Есть цитирование, в том числе в музыке, многие использовали музыку Бетховена, Моцарта, Рахманинова, Дунаевского – и это нормально. Есть заимствование, и в литературе, и в поэзии, есть даже заимствование на грани фола, например, известное стихотворение Вийона «От жажды умираю над ручьем…» А есть ремейк. И есть плагиат. Ниже будет понятно, о чем речь. А именно: я бы хотел выделить в стихотворении Введенского строки, которые всё же несут какую-то смысловую нагрузку:
 
… а мы глядим в окно без шторы
на свет звезды бездушной,
в пустом сомненье сердце прячем,
а в ночь не спим томимся плачем,
мы ничего почти не значим,
мы жизни ждем послушной.
Нам восхищенье неизвестно,
нам туго, пасмурно и тесно,
мы друга предаем бесчестно
и бог нам не владыка.
Цветок несчастья мы взрастили,
мы нас самим себе простили,
нам, тем кто как зола остыли,
милей орла гвоздика…
… умов произошла потеря,
бороться нет причины…
Исчезнувшее вдохновенье
теперь приходит на мгновенье,
на смерть, на смерть держи равненье.
 
Оказалось, у этих строк жизнь оказалась долгой!
Когда Жданов выступал в пушкинской библиотеке, я был там, слушал Жданова и задал ему вопрос: «Вы когда-то, незадолго до катастрофы, писали:
Мы умираем понемногу,
Мы вышли не на ту дорогу,
Не тех от мира ждем вестей.
Сквозь эту ночь, в порывах плача
Мы, больше ничего не знача,
Сойдем в костер своих костей.
- Вы сегодня так же думаете?»
 
Куда там, ведь Жданов – состоялся, бомжом не стал, он был успешным. И успешный Жданов ответствовал мне: «Это было мое мимолетное настроение».
То есть: не ВСЕЛЕННАЯ через меня, а я, Я, ЖДАНОВ – во вселенной.

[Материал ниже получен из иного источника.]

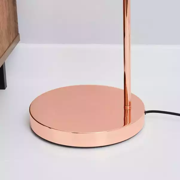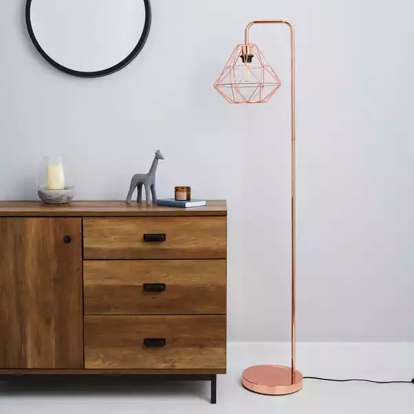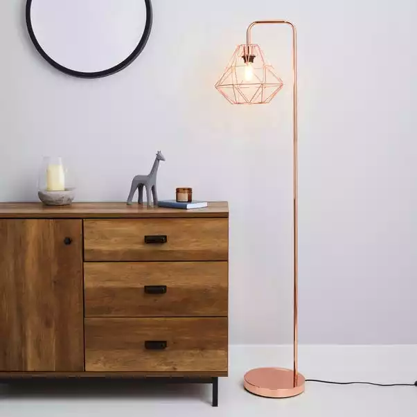 Add a contemporary element to your home décor with this stunning floor lamp, featuring a geometric frame head with an inline floor switch, length 100cm,and completed with a smooth copper finish.

Паранойя, типичнейшая черта современных художников.
И я увидел, что поэт, который должен тонко чувствовать – не понимает, что ему говорят. Он толстокожий, глухой.
 
Нет, не были эти строки мимолетным настроением Жданова. Он эти строки (и настроение), как мы только что увидели, украл у Введенского.